■ Work to be completed
Below are some records. Output the lines from the first one through the line that holds "3月15日 わらびの炊き込みご飯 アイスプラウトの味噌汁、天ぷら", exactly as written, with no pictures.

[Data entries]
+++

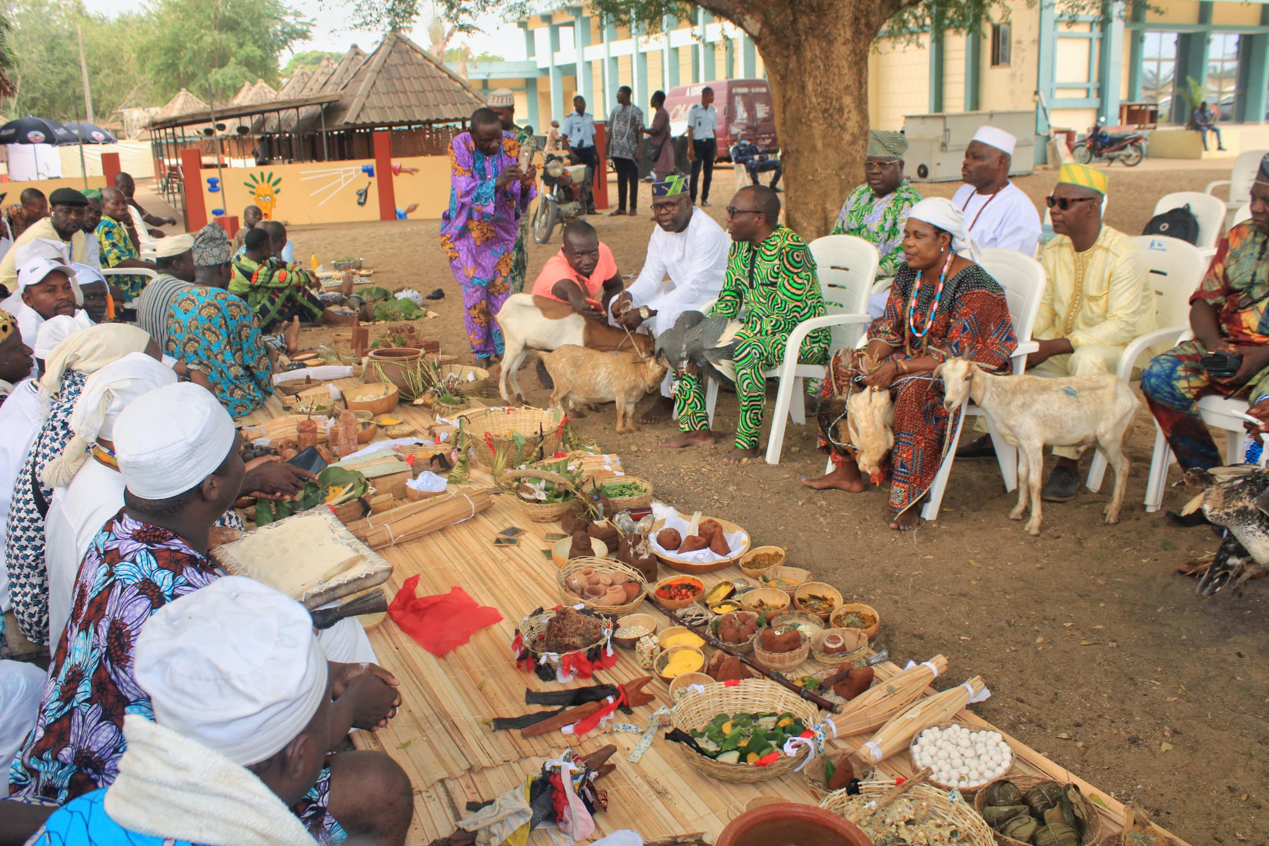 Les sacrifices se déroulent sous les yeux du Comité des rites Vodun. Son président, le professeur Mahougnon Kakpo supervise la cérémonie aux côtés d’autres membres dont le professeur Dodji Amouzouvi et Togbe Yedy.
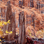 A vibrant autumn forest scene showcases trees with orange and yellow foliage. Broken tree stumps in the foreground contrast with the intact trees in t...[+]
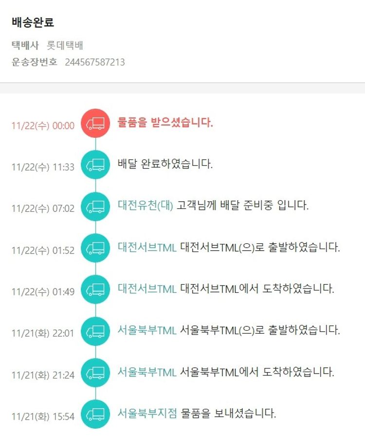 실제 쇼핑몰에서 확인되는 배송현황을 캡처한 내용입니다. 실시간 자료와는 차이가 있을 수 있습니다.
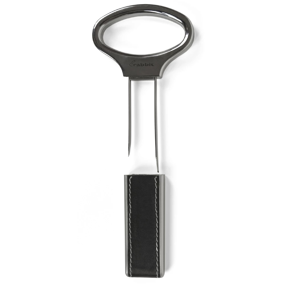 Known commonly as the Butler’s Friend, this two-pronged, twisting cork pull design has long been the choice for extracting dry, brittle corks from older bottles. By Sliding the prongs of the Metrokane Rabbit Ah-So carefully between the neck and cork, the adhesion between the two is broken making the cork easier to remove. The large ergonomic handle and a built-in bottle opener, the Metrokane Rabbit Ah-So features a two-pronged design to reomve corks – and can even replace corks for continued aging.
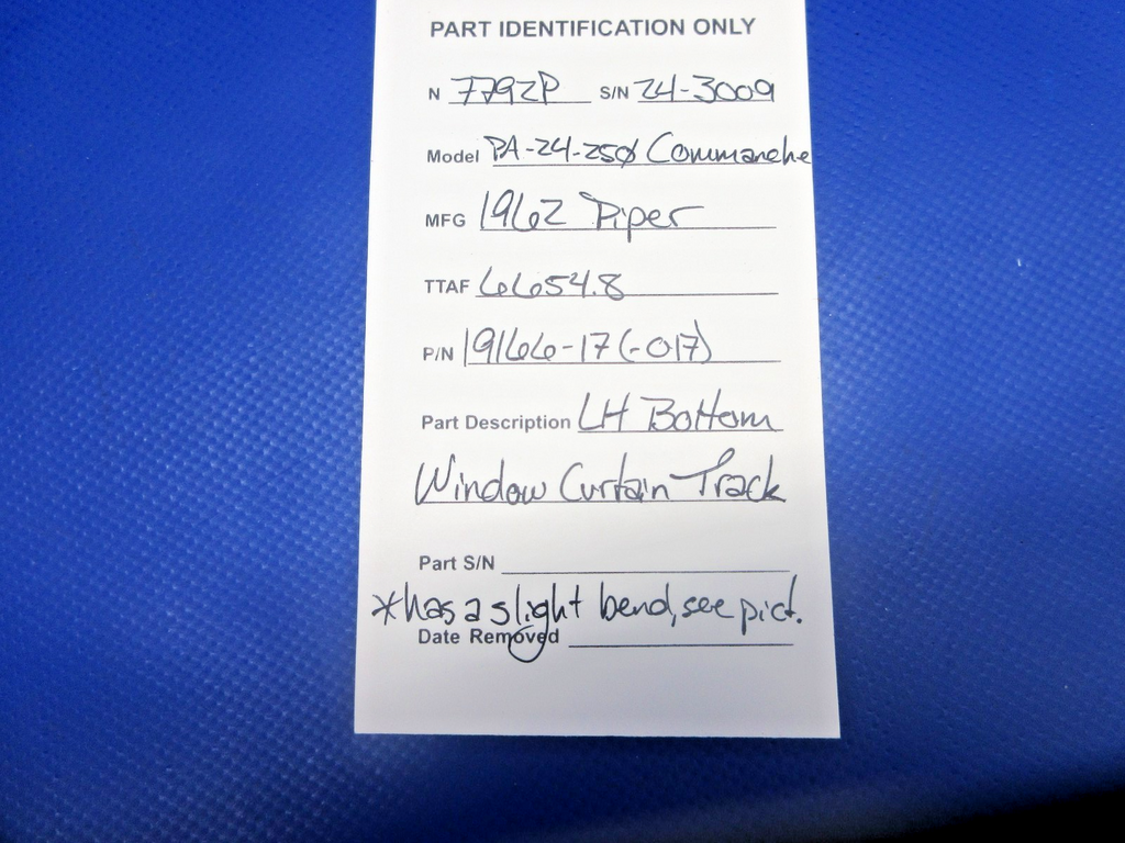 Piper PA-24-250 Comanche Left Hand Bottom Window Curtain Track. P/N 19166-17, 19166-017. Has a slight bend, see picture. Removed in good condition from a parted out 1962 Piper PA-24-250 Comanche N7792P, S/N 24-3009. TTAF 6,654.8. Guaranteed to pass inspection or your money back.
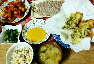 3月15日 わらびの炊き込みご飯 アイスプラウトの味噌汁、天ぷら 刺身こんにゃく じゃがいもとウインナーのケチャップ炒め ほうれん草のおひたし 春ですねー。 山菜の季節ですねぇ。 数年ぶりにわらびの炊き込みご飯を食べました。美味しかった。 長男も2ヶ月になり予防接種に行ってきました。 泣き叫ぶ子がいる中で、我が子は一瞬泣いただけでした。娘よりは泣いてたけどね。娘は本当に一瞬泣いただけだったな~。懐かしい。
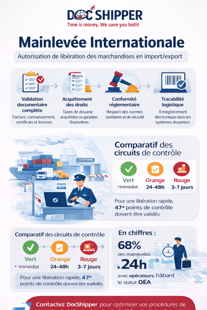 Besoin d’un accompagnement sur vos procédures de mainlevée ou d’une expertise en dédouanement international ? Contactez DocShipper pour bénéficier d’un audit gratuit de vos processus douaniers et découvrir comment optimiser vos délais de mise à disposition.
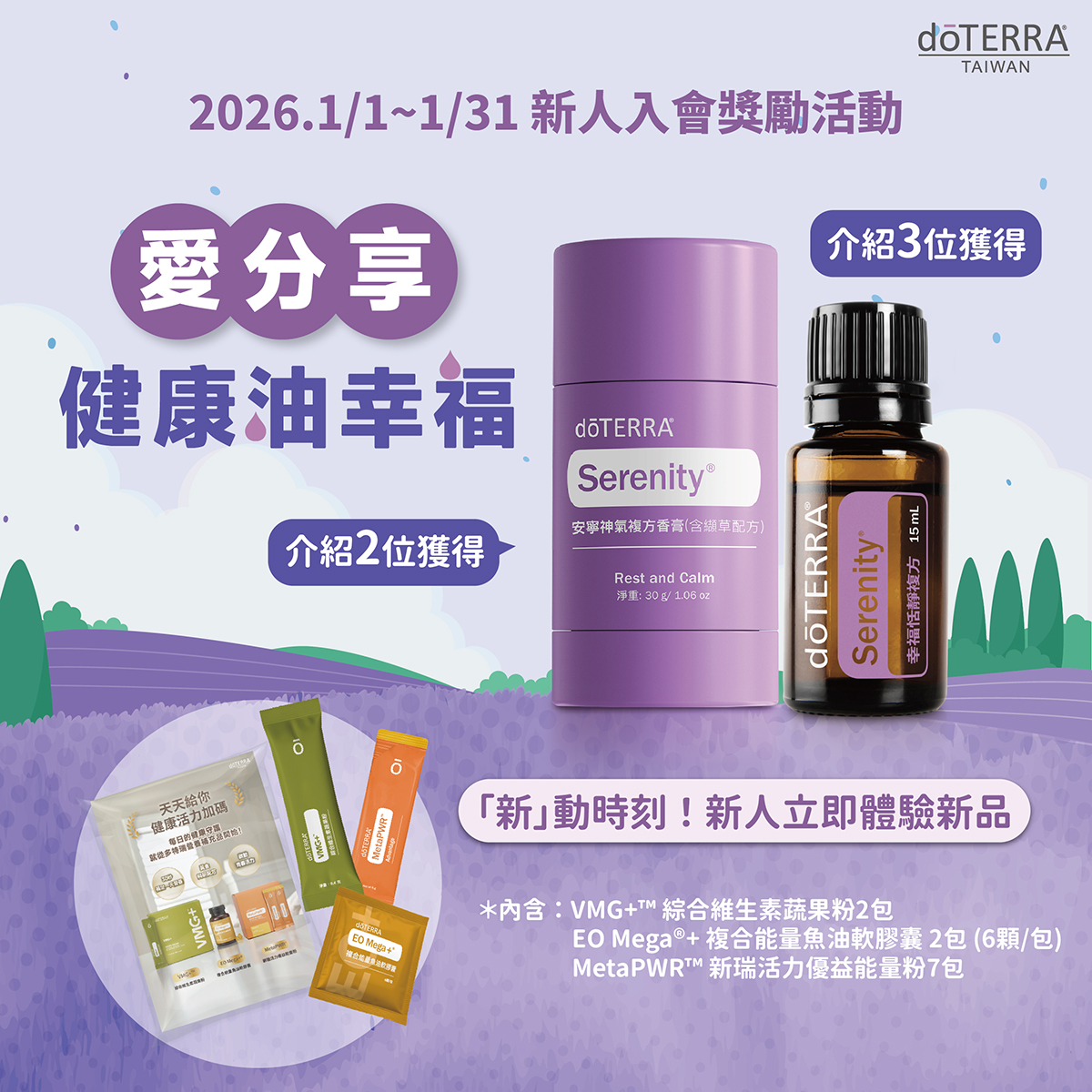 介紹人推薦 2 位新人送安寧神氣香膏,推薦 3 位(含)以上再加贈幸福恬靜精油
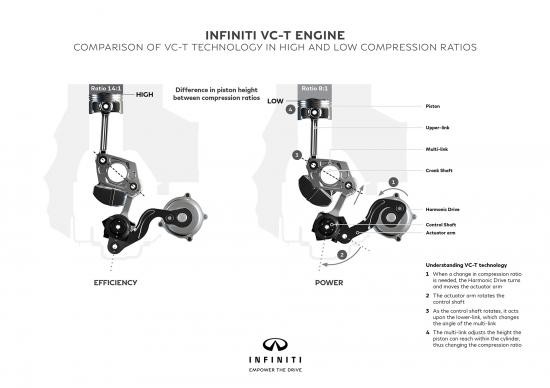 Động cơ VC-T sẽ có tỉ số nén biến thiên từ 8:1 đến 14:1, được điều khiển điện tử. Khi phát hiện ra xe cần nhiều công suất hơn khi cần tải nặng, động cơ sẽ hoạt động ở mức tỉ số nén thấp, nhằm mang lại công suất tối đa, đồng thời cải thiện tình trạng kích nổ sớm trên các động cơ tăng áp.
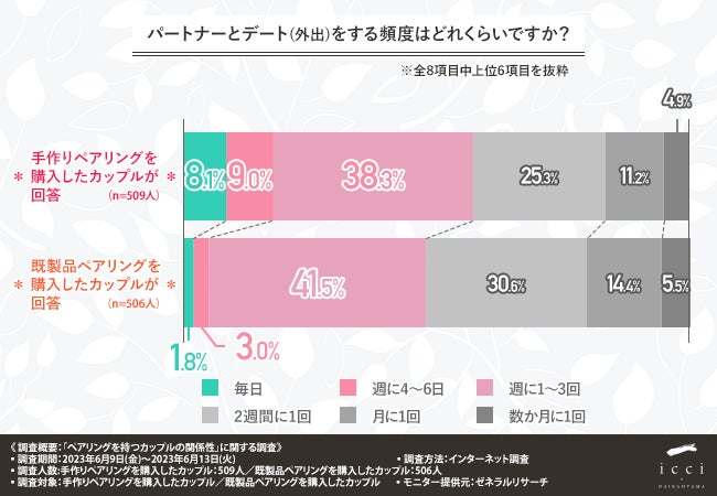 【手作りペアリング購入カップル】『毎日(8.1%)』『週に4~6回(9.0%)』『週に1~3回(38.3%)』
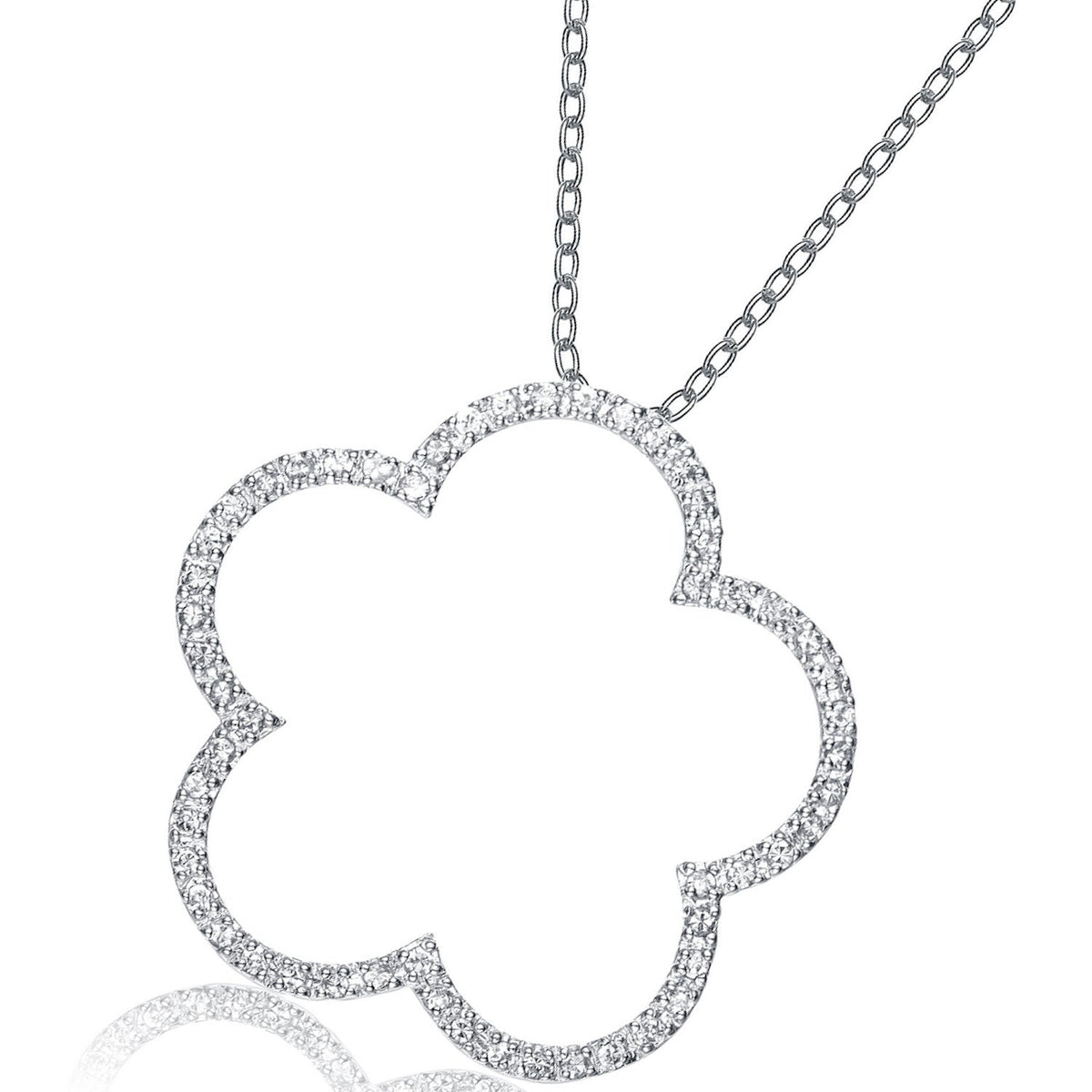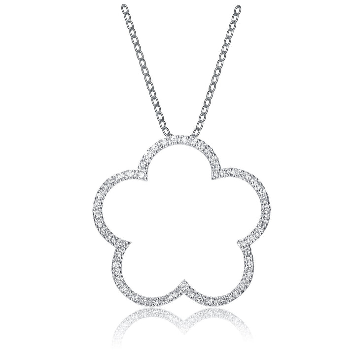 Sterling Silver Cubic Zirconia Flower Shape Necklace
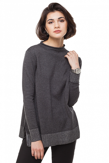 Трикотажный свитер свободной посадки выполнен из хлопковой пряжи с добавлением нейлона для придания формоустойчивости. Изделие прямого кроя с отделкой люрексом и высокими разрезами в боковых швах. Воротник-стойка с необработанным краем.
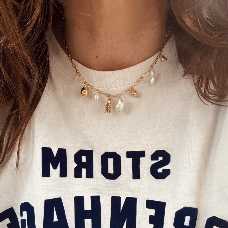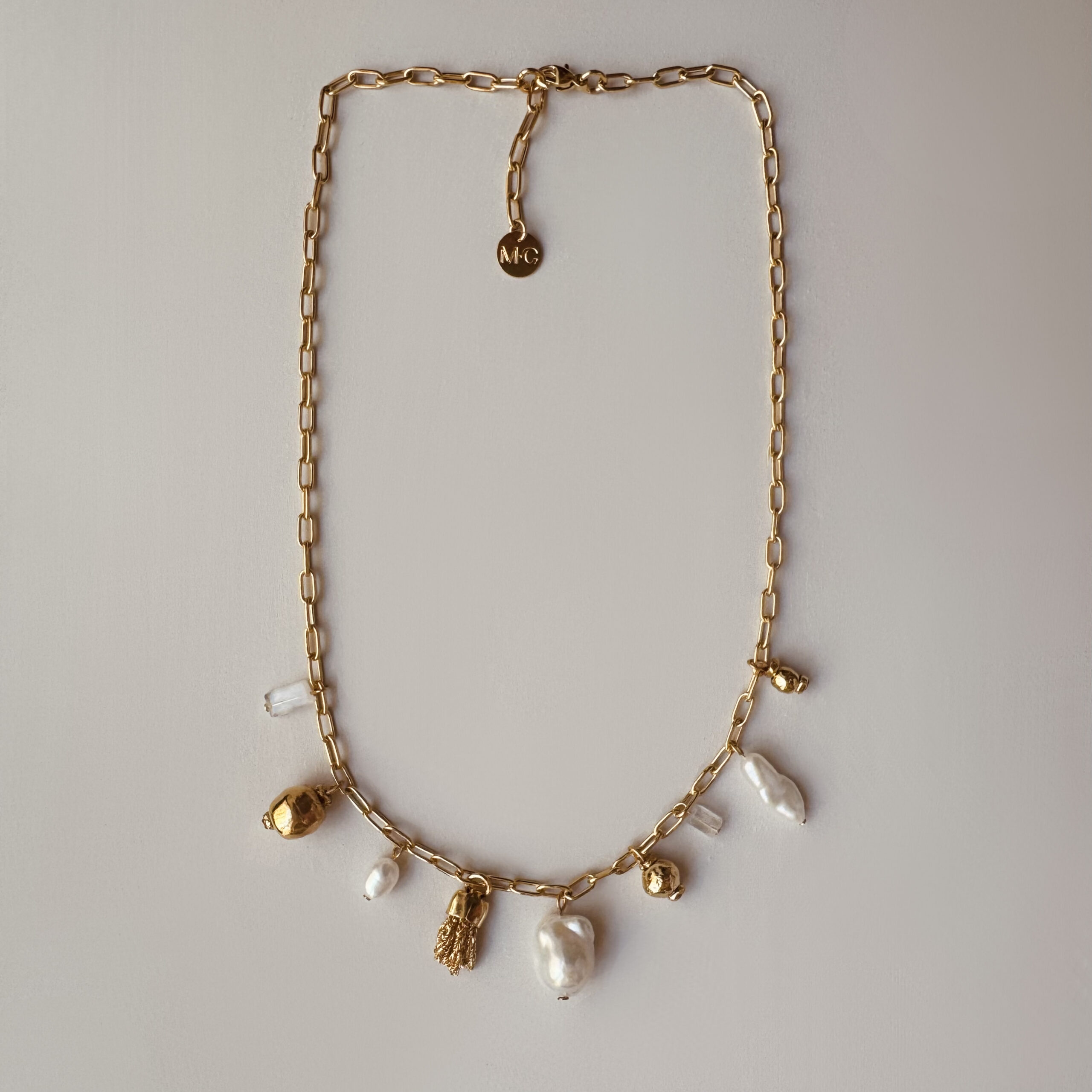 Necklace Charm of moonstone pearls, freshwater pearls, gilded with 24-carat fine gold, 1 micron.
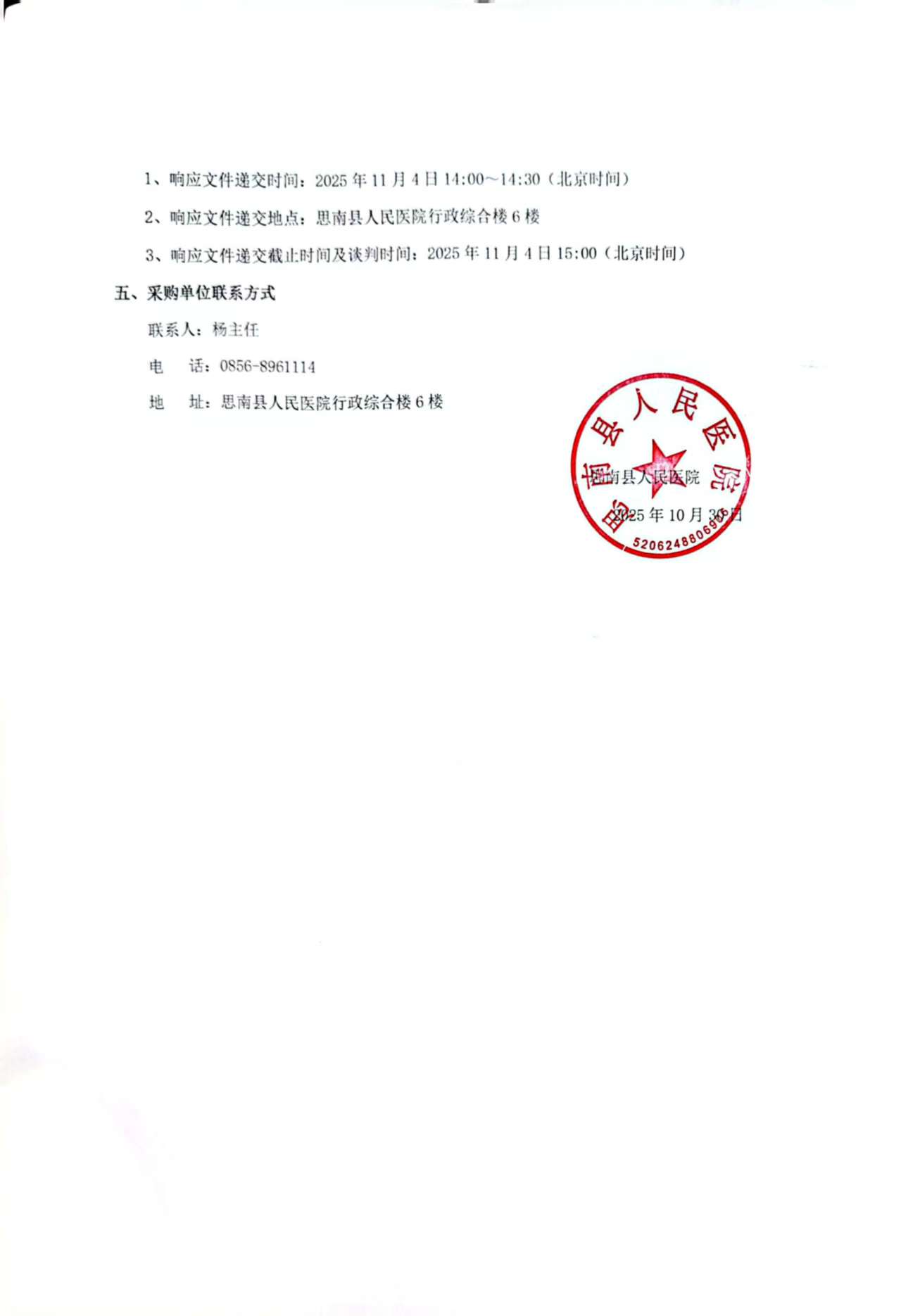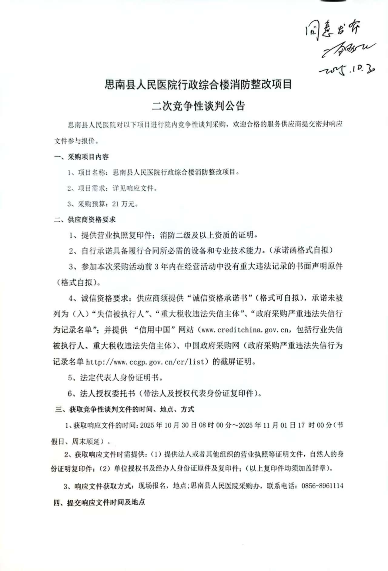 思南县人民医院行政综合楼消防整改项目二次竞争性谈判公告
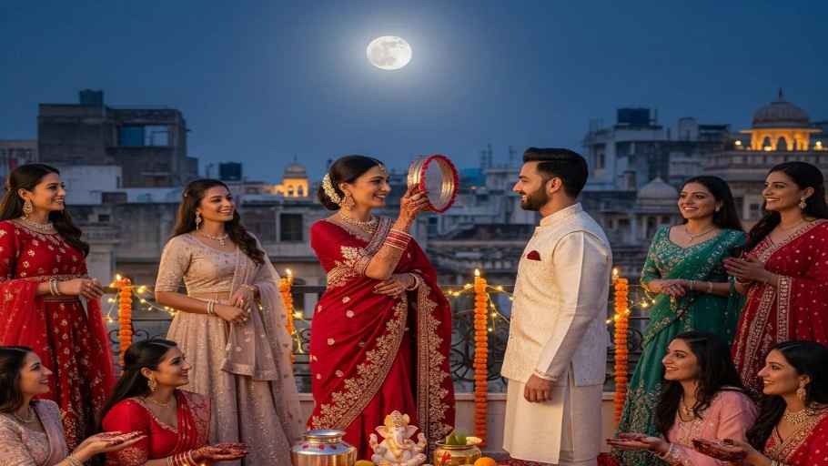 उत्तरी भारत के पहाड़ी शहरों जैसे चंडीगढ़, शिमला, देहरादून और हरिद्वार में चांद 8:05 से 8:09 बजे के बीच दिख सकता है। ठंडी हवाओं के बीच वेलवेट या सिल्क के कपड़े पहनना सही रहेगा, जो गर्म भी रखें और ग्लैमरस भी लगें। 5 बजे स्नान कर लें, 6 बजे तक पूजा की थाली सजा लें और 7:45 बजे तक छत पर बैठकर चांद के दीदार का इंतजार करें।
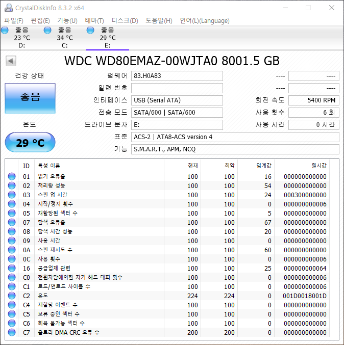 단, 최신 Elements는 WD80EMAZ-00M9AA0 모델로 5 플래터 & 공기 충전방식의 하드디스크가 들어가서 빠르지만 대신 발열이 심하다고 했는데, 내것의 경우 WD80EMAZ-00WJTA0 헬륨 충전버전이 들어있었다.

+++

■ Your response
 Les sacrifices se déroulent sous les yeux du Comité des rites Vodun. Son président, le professeur Mahougnon Kakpo supervise la cérémonie aux côtés d’autres membres dont le professeur Dodji Amouzouvi et Togbe Yedy.
 A vibrant autumn forest scene showcases trees with orange and yellow foliage. Broken tree stumps in the foreground contrast with the intact trees in t...[+]
 실제 쇼핑몰에서 확인되는 배송현황을 캡처한 내용입니다. 실시간 자료와는 차이가 있을 수 있습니다.
 Known commonly as the Butler’s Friend, this two-pronged, twisting cork pull design has long been the choice for extracting dry, brittle corks from older bottles. By Sliding the prongs of the Metrokane Rabbit Ah-So carefully between the neck and cork, the adhesion between the two is broken making the cork easier to remove. The large ergonomic handle and a built-in bottle opener, the Metrokane Rabbit Ah-So features a two-pronged design to reomve corks – and can even replace corks for continued aging.
 Piper PA-24-250 Comanche Left Hand Bottom Window Curtain Track. P/N 19166-17, 19166-017. Has a slight bend, see picture. Removed in good condition from a parted out 1962 Piper PA-24-250 Comanche N7792P, S/N 24-3009. TTAF 6,654.8. Guaranteed to pass inspection or your money back.
 3月15日 わらびの炊き込みご飯 アイスプラウトの味噌汁、天ぷら 刺身こんにゃく じゃがいもとウインナーのケチャップ炒め ほうれん草のおひたし 春ですねー。 山菜の季節ですねぇ。 数年ぶりにわらびの炊き込みご飯を食べました。美味しかった。 長男も2ヶ月になり予防接種に行ってきました。 泣き叫ぶ子がいる中で、我が子は一瞬泣いただけでした。娘よりは泣いてたけどね。娘は本当に一瞬泣いただけだったな~。懐かしい。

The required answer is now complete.